[quote]LIFTICVSMAXIMVS wrote:
countingbeans wrote:
LIFTICVSMAXIMVS wrote:
Berserkergang wrote:
Making money without working is parasitism.
It’s that fucking twisted mindset “getting rich without working and producing anything” which is killing our economy.
Owning stock is not passive in the least.
no management powers = absolutely passive.
How does an investor decide which stocks to pick. Even choosing a fund manager requires activity. [/quote]
You don’t get it, and we are looking two sides of the same coin.
The act of choosing and buying stock takes “activity” on your part yes, but owning stock is passive. You cannot collectively report earned income & interest and dividends anywhere. Not on financials, not on a 1040, not on a 1065, nowhere.
If you do not partake in management (actively participate) of a corporation of which you own, it is passive income by definition. (And even then earned income (salaries) are reported separately from investment income.)
[quote] A Stockholder provides businessman with needed capital to produce goods.
instead of businessman use corporation, and put the period after capital and then your sentence is accurate. Otherwise your making a lot of assumptions.
Well, what would a corporation do with out investors to provide them capital. [/quote]
There are quite a few alternatives to equity financing.
[quote]He shares in on the profits of a successful company but he also suffers the losses too.
Yes and no. Your share of the profits are dividends, the corp retains more than it pays out, and debt financing is much cheaper and more beneficial, so bond holders often get paid first and more per dollar invested.
The only loses shareholders suffer are the initial investment. The corp’s losses are so much more substantial, it’s not even remotely close to comparable enough to use the word share.

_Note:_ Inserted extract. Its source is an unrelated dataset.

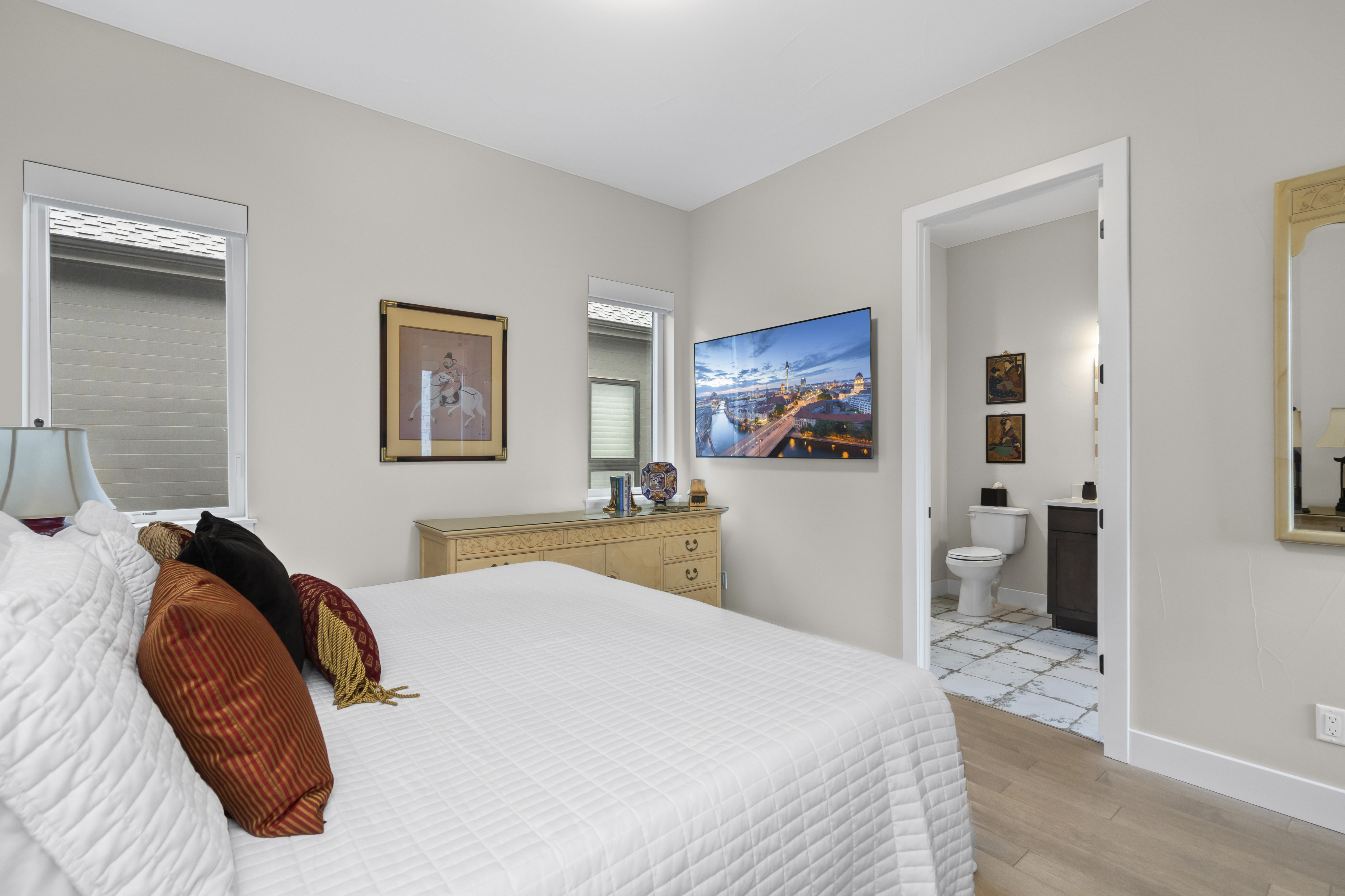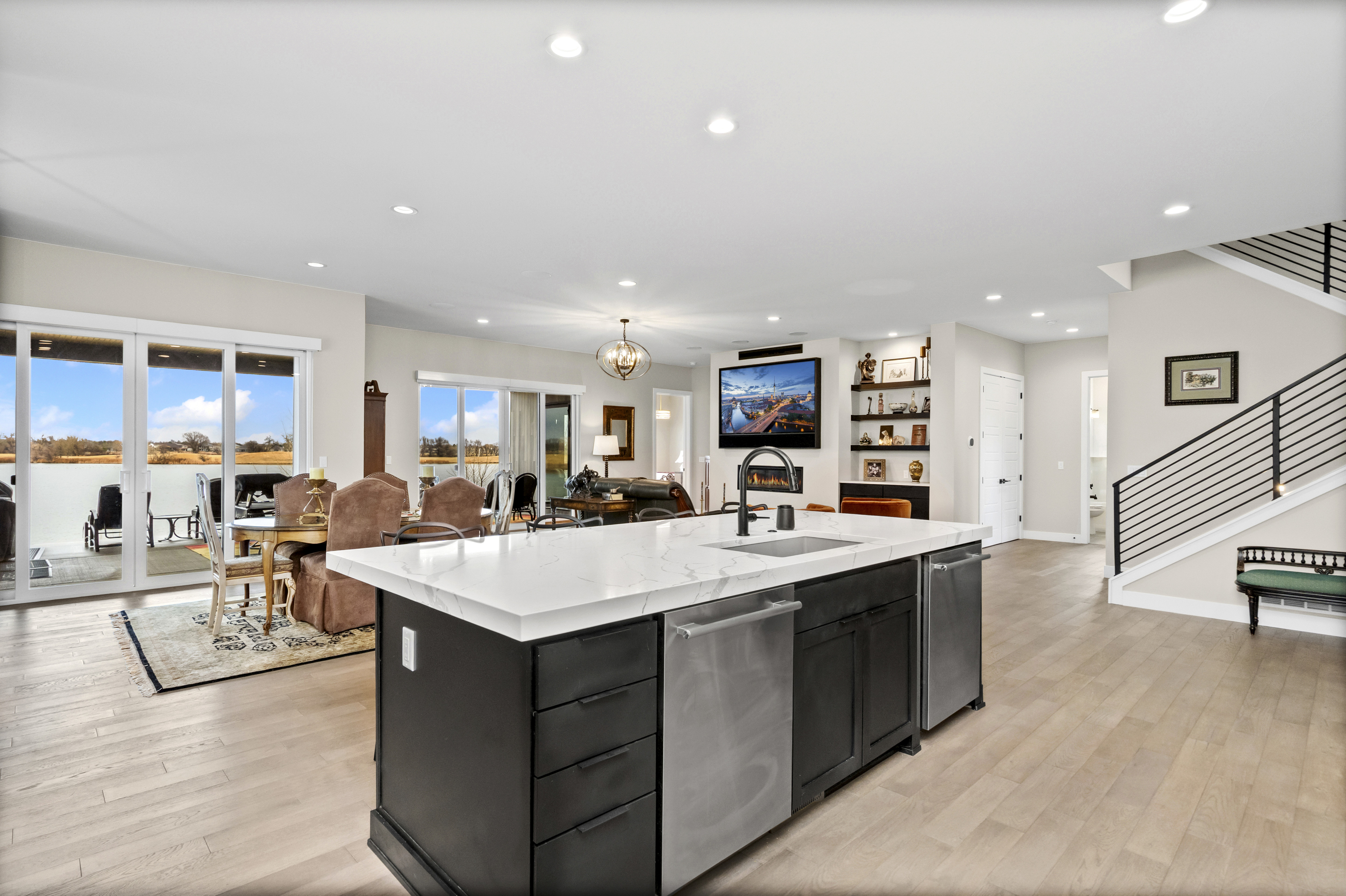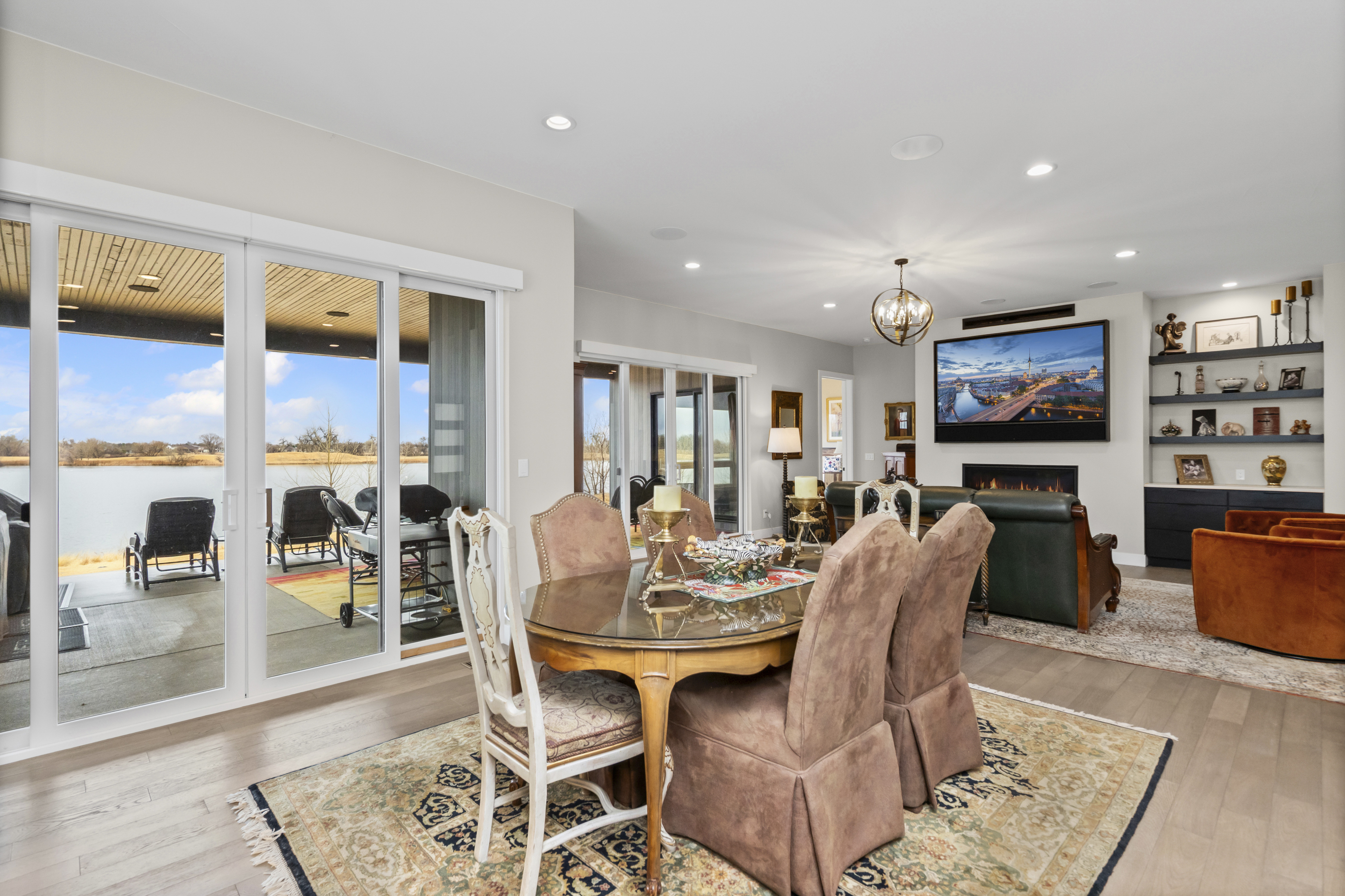 Welcome home!! to Water Valley lakefront living located on one of the best lots, with views of the lake and holes 14, 15, 16 and 17 at Pelican Lakes. This home was purchased and had 200k in upgrades throughout. This 4-bedroom, 4 bath has a very open floor plan with lake views from the kitchen, dining, living, loft, primary and bedrooms 2 and 3. Kitchen has gas cooktop, large island, built in refrigerator, double wine fridges. Solid core black, 5 panel doors throughout the home. Hardwood throughout main level. Insulated ceiling/floor between first and second level for quiet, peaceful living space between main floor and upper-level game room. Step out to enjoy a glass of wine on your oversized covered private patio on those beautiful crisp Colorado summer nights as you bask in the beauty of the lake and golf course as you watch the pelicans peacefully drift by. Upstairs is its own separate living space all together with its private bedroom, 3/4 bath and oversized Rec Room. Lutron electric window coverings throughout, oversized 2 car garage with built in storage shelves. Professional, AV setup.

If his stock loses value does he not suffer? If the company goes bankrupt does he not suffer a total loss?
[/quote]
ALL the shareholder loses is the INITIAL investment. That is it. If you buy $1,000 of stock, at $10 a share today, and it is worth zero tomorrow what have you lost? If you said $1,000 you are correct. That is it. What has the corporation lost? Quite a bit more than $1,000. The word share doesn’t fit this situation.